Imagination opens a sensitive human to Image and allows him to enjoy his inner wealth by achieving ability to experience the world of spiritual values as a Fullness and an ordered Wholeness. Contemporary atrophy of this ability of mind causes that a man is cut off from the wealth of images flowing from this source. A man spiritually barren easily falls into the trap of fantasy. And in the situation of dictates of fantasy creativeness in type of Beksinski or Giger can only appear.

It may be worth mentioning here about two great controversies concerning art. The first documented dispute between religion and art is Decalogue received by Moses from the hands of God on Mount Sinai and the ban of making images included in it. After the Incarnation of Christ, the dispute was settled in the eighth century in favor of paintings. It was made in almost absolutely perfect way by Byzantine theology of icon.
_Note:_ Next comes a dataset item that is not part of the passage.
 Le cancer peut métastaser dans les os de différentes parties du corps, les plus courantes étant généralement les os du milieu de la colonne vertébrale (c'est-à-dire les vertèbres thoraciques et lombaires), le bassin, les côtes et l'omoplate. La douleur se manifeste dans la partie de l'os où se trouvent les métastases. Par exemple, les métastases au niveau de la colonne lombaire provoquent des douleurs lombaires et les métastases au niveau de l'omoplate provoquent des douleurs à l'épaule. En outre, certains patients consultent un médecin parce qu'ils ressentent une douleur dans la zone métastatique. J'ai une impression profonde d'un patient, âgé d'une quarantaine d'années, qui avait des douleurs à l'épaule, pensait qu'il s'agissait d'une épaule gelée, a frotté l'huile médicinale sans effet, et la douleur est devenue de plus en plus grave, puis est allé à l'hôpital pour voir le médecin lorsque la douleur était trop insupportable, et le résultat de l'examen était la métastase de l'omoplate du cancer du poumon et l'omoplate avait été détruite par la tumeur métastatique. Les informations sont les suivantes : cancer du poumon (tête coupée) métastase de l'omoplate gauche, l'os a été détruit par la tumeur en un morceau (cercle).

The second dispute is between philosophy and art. The first thinker who posed the question about the nature of the image in the field of philosophy was Plato. Platonic opposition icon - idol to this day is considered by phenomenologists and theologians (eg. Jean-Luc Marion), who did not cease in trying to answer the doubts on the status of images expressed by the Philosopher.

In relation to these questions are two statements, which are known to me, from XIX and XX century about the possibility of salvation through art. Their authors are two artists, theologians and painters in one person: William Blake and Jerzy Nowosielski.
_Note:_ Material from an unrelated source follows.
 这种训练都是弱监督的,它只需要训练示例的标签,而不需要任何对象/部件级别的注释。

Blake thus in Milton (plate 20) says:

... for not one moment
Of Time is lost, nor one event of Space unpermanent
But all remain; every fabric of six thousand years
Remains permanent: thoíon the Earth, where Satan
Fell and was cut off, all things vanish and are seen no more,
They vanish not from me and mine; we guard them first and last.
The Generations of Man run on in the tide of Time
But leave their destiníd lineaments permanent for ever and ever

And Jerzy Nowosielski affirms the indestructibility of a certain kind of images in these words:

For me, the icon is a pictorial mode to organize vision of man, human face, human body in such a way that as many as possible elements of our bodily reality transfer to the higher levels of human consciousness.
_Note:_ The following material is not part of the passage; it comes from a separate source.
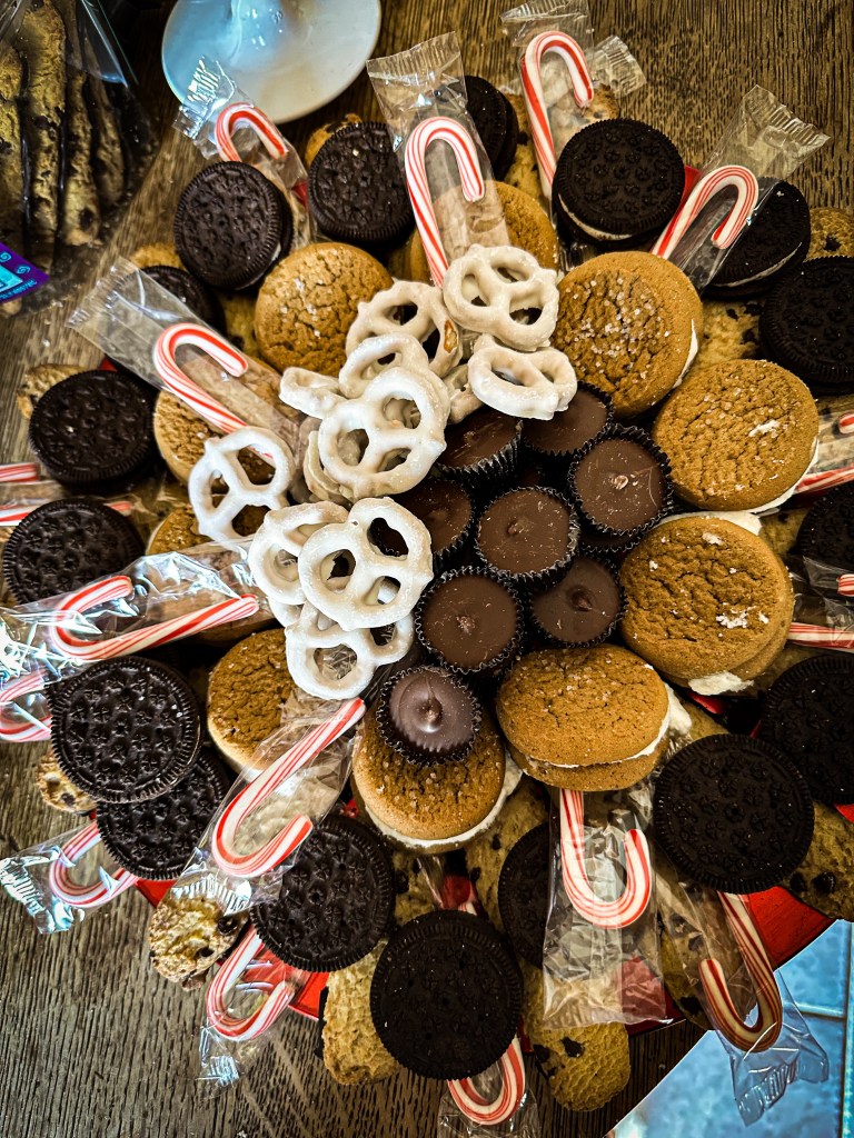 Merry Christmas all! Trader Joe’s is one of my favorite places to get snacks, and this year, I did not feel like baking Christmas cookies this year. So, I decided to create this board instead. I also would like to thank my future mother in law for the design assistance.

But especially important it is the second part of his statement:

The idea is that after the catastrophe of an individual, which we call death, or after the collective catastophe, which we call the end of the world, would have to be reconstructed - in a totally different conditions of spiritual being - the body resurrected.

These two statements confirm that if art is to remain art, it must take on the difficult task. No artistic strategy, even the most intellectual is not so contrary to the deepest nature of art, as today's fully aware strategies of pretending of art.

We can hope that there will appear the artist who with equal vehemence as satanic, blasphemous and anti-personalistic Francis Bacon shock human perception and the image of man, however with one major difference - that he will approach this task from the side of Light. This Brightness manifests as in Blake's vision by the fact that things and people are not lost forever, because "their faces are saved forever and ever" , and from Nowosielski's view that higher consciousness is the vehicle that transfers elements distilled from the mundane to another world where one can recreate the human person as the risen body.

Indeed, this latter theological construction, is one of the most bold and daring concept concerning power of the image of the human body, which appeared in the last century in Western art.